─── Information shown ───

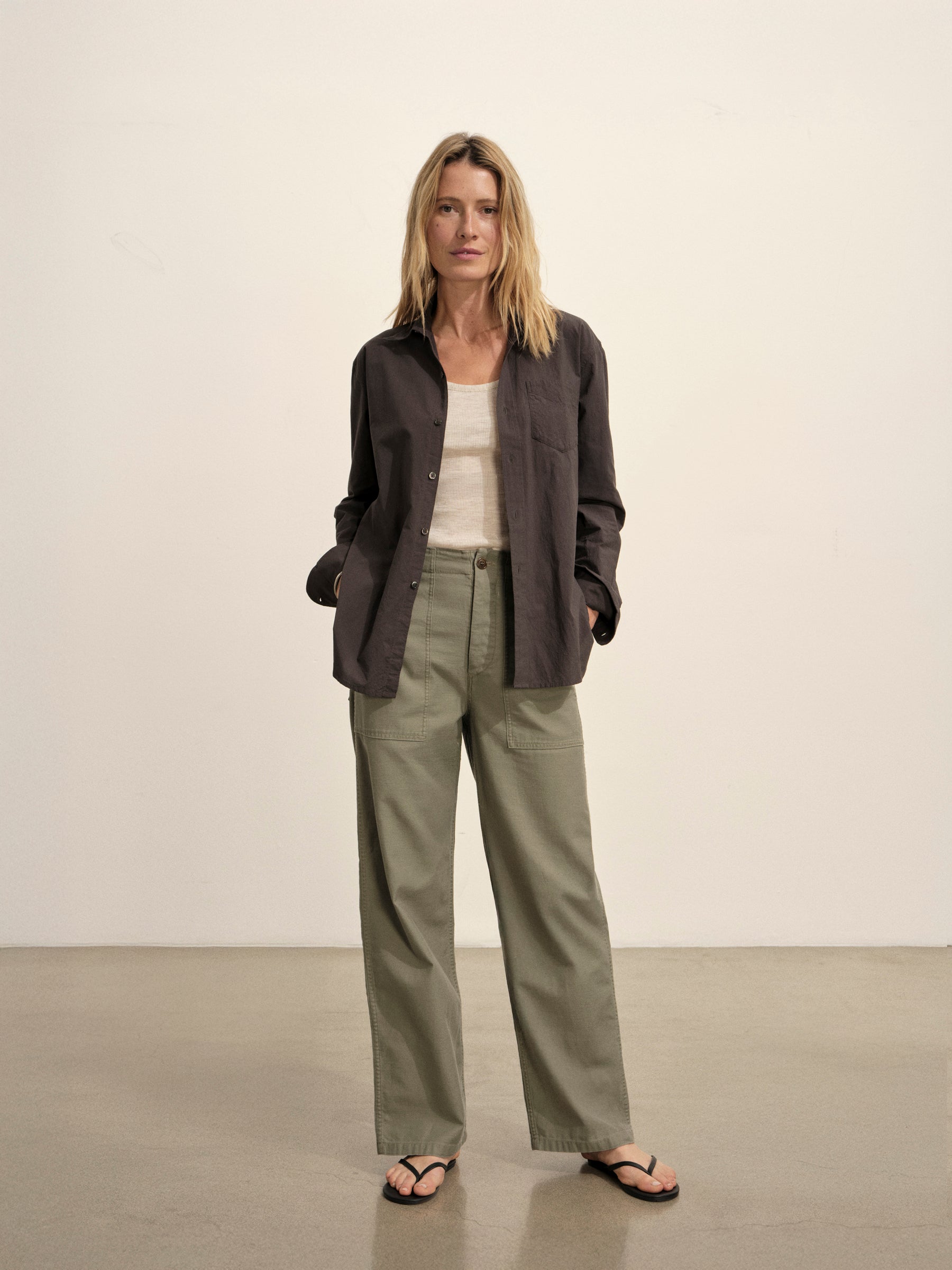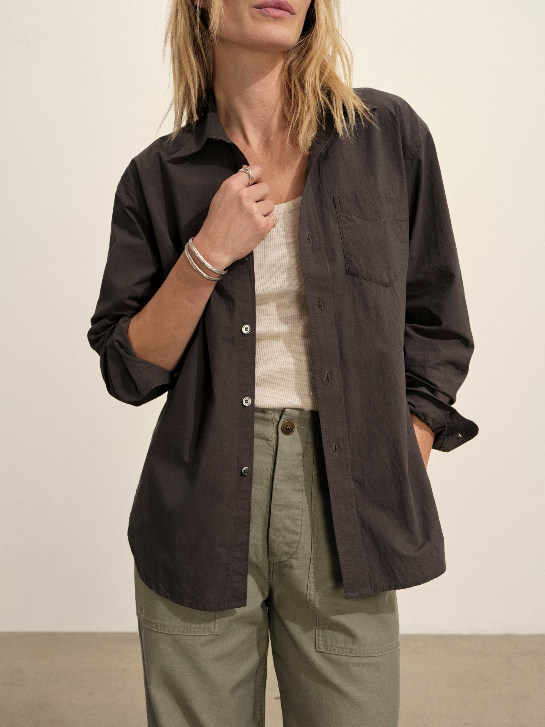 Relaxed button-down shirt in 3.7 oz. cotton plainweave. 29.5” length hits just below the hip. Details include a back yoke with box pleat, a single spade pocket, and pleated cuffs. Inspired by mid-century men’s shirting, this piece can be worn on its own, layered over a tee, or paired with our Rider Pant. Garment washed with softener for a lived-in feel.
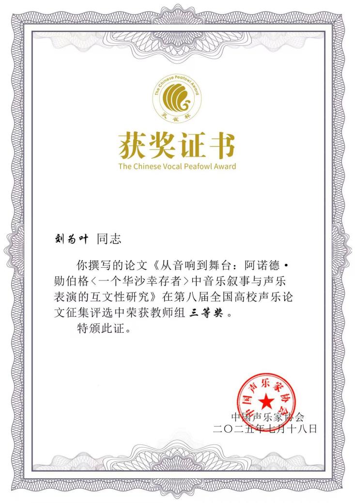 其中第八届 “孔雀杯” 全国高校声乐论文征集评选结果揭晓,WilliamHill中文官方网站人文与管理学院音乐学专业教师刘为叶撰写的论文《从音响到舞台:阿诺德・勋伯格〈一个华沙幸存者〉中音乐叙事与声乐表演的互文性研究》凭借扎实的学术功底与创新的研究视角,荣获三等奖,这一成绩不仅是对刘为叶老师个人学术能力的高度认可,也为学校在音乐学术研究领域增添了亮眼一笔。
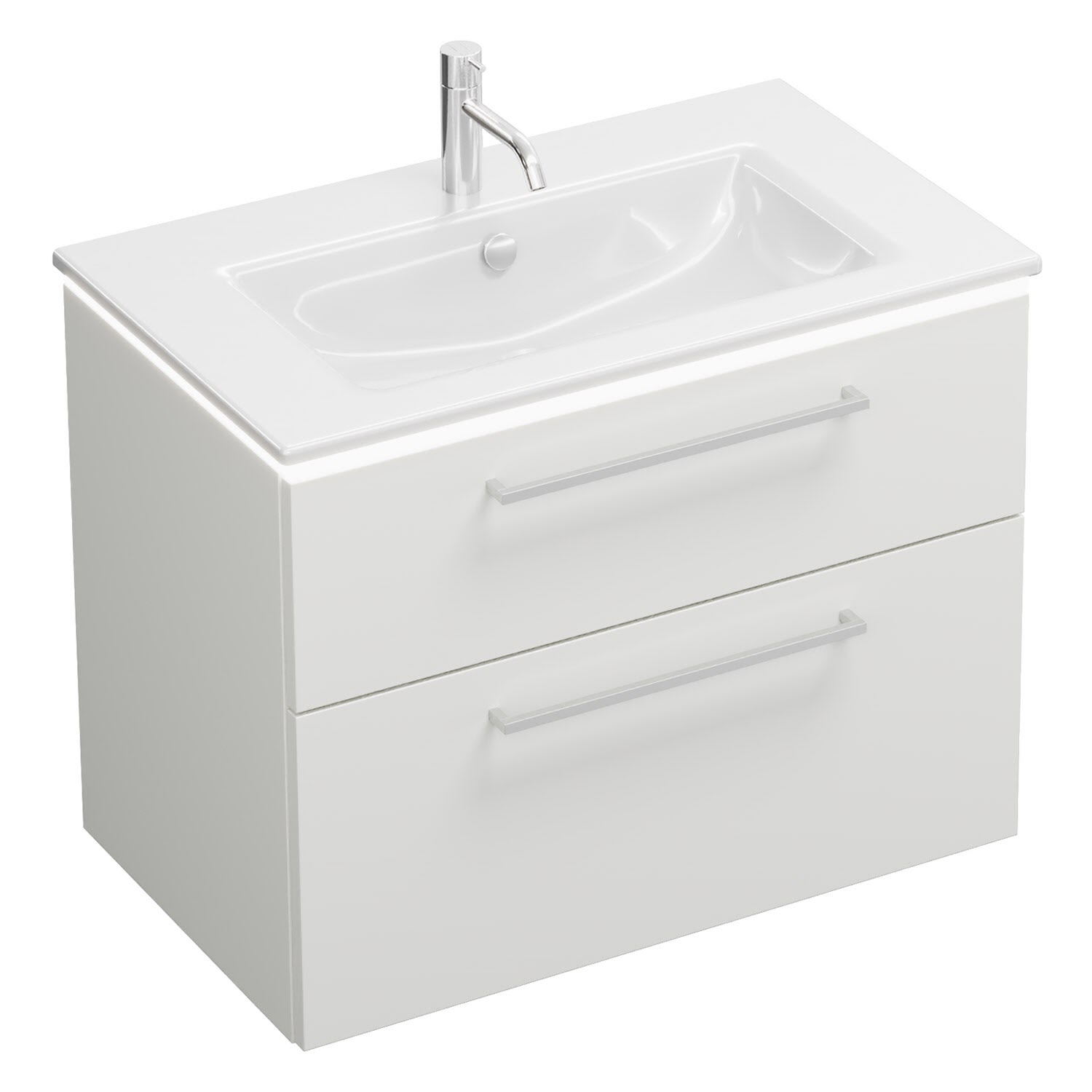 burgbad Eqio Waschtischkombination mit Keramik-Waschtisch Slim und LED-Beleuchtung, 82 cm, mit Stangengriff P95
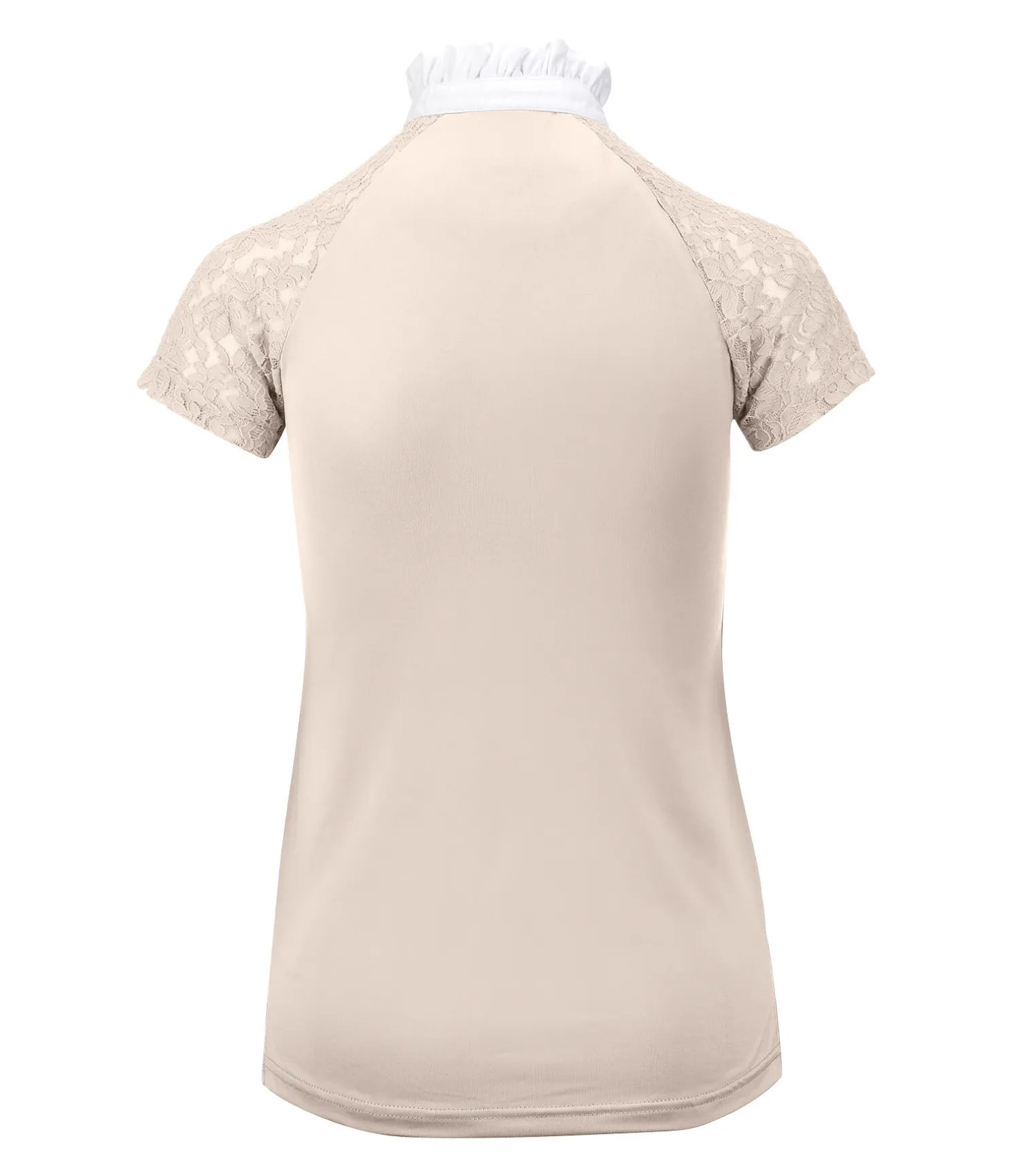 T-shirt de concours technique. Matière très extensible, respirante à séchage rapide. Manches en dentelle douce. Col volanté. Broderie Felix Bühler sur la poitrine et boutons paillettés. 88 % polyester, 12 % élasthanne.

───

# Task to carry out
Give the listing again word for word, without its images.

# Reply to the task
 Relaxed button-down shirt in 3.7 oz. cotton plainweave. 29.5” length hits just below the hip. Details include a back yoke with box pleat, a single spade pocket, and pleated cuffs. Inspired by mid-century men’s shirting, this piece can be worn on its own, layered over a tee, or paired with our Rider Pant. Garment washed with softener for a lived-in feel.
 其中第八届 “孔雀杯” 全国高校声乐论文征集评选结果揭晓,WilliamHill中文官方网站人文与管理学院音乐学专业教师刘为叶撰写的论文《从音响到舞台:阿诺德・勋伯格〈一个华沙幸存者〉中音乐叙事与声乐表演的互文性研究》凭借扎实的学术功底与创新的研究视角,荣获三等奖,这一成绩不仅是对刘为叶老师个人学术能力的高度认可,也为学校在音乐学术研究领域增添了亮眼一笔。
 burgbad Eqio Waschtischkombination mit Keramik-Waschtisch Slim und LED-Beleuchtung, 82 cm, mit Stangengriff P95
 T-shirt de concours technique. Matière très extensible, respirante à séchage rapide. Manches en dentelle douce. Col volanté. Broderie Felix Bühler sur la poitrine et boutons paillettés. 88 % polyester, 12 % élasthanne.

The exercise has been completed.